Go 1.25 introduces a game-changing approach to CSRF protection that eliminates the need for tokens and cookies. Here’s everything you need to know about
CrossOriginProtectionand why it’s a significant improvement over traditional methods.
Table of Contents
Open Table of Contents
- The CSRF Problem: A Quick Refresher
- Traditional CSRF Protection: The Token Approach
- Enter Go 1.25: CrossOriginProtection
- Practical Implementation Examples
- Testing Your CSRF Protection
- Migration Guide: From gorilla/csrf to CrossOriginProtection
- Browser Compatibility
- Best Practices and Common Pitfalls
- Performance Benefits
- Limitations and Considerations
- Advanced Patterns
- Conclusion
- Resources and Further Reading
The CSRF Problem: A Quick Refresher
Cross-Site Request Forgery (CSRF) is a security vulnerability that tricks authenticated users into executing unwanted actions on a web application. Imagine this scenario:
You’re logged into your bank’s website, and then you visit a malicious site that contains this hidden form:
<form action="https://yourbank.com/transfer" method="post">
<input type="hidden" name="amount" value="10000" />
<input type="hidden" name="recipient" value="attacker-account" />
<input type="submit" value="Click here for a free iPhone!" />
</form>When you click that innocent-looking button, the form submits to your bank with your authenticated session cookies, potentially transferring money without your knowledge. That’s CSRF in action.
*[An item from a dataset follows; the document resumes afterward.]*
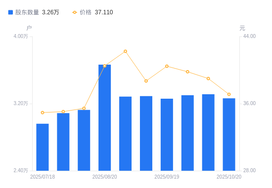 近一年(2024年10月20日至2025年10月20日),视源股份A股股东户数从2.55万户,增加至3.26万户,增幅27.74%,区间股价上涨5.09%。

Traditional CSRF Protection: The Token Approach
Historically, developers have relied on CSRF tokens to prevent these attacks. Here’s how it typically worked:
// OLD WAY: Using gorilla/csrf
import "github.com/gorilla/csrf"
func main() {
// Generate and manage secret keys
CSRF := csrf.Protect(
[]byte("32-byte-long-auth-key"),
csrf.Secure(false), // Set to true in production
)
mux := http.NewServeMux()
mux.HandleFunc("/form", func(w http.ResponseWriter, r *http.Request) {
// Must inject token into EVERY form
data := map[string]interface{}{
csrf.TemplateTag: csrf.TemplateField(r),
"otherData": "your actual content",
}
tmpl.Execute(w, data)
})
http.ListenAndServe(":8080", CSRF(mux))
}And in your HTML template:
<form method="POST" action="/submit">
{{ .csrfField }}
<!-- This generates a hidden input with the token -->
<input type="text" name="username" />
<button type="submit">Submit</button>
</form>The Problems with Token-Based CSRF
While effective, this approach had several pain points:
- Developer Burden: You had to remember to add CSRF tokens to every form
- State Management: Tokens needed to be stored server-side or in cookies
- API Complexity: JavaScript applications needed special handling to include tokens
- Maintenance: Third-party libraries could become outdated or have vulnerabilities
- Performance: Token validation required additional server-side lookups
Enter Go 1.25: CrossOriginProtection
Go 1.25 introduces CrossOriginProtection, a revolutionary approach that uses modern browser headers instead of tokens. Here’s the beauty of it:
// NEW WAY: Using http.CrossOriginProtection
func main() {
mux := http.NewServeMux()
mux.HandleFunc("/", homeHandler)
mux.HandleFunc("POST /transfer", transferHandler)
mux.HandleFunc("DELETE /account", deleteHandler)
// Initialize CSRF protection
protection := http.NewCrossOriginProtection()
// That's it! No tokens, no cookies, no state management
http.ListenAndServe(":8080", protection.Handler(mux))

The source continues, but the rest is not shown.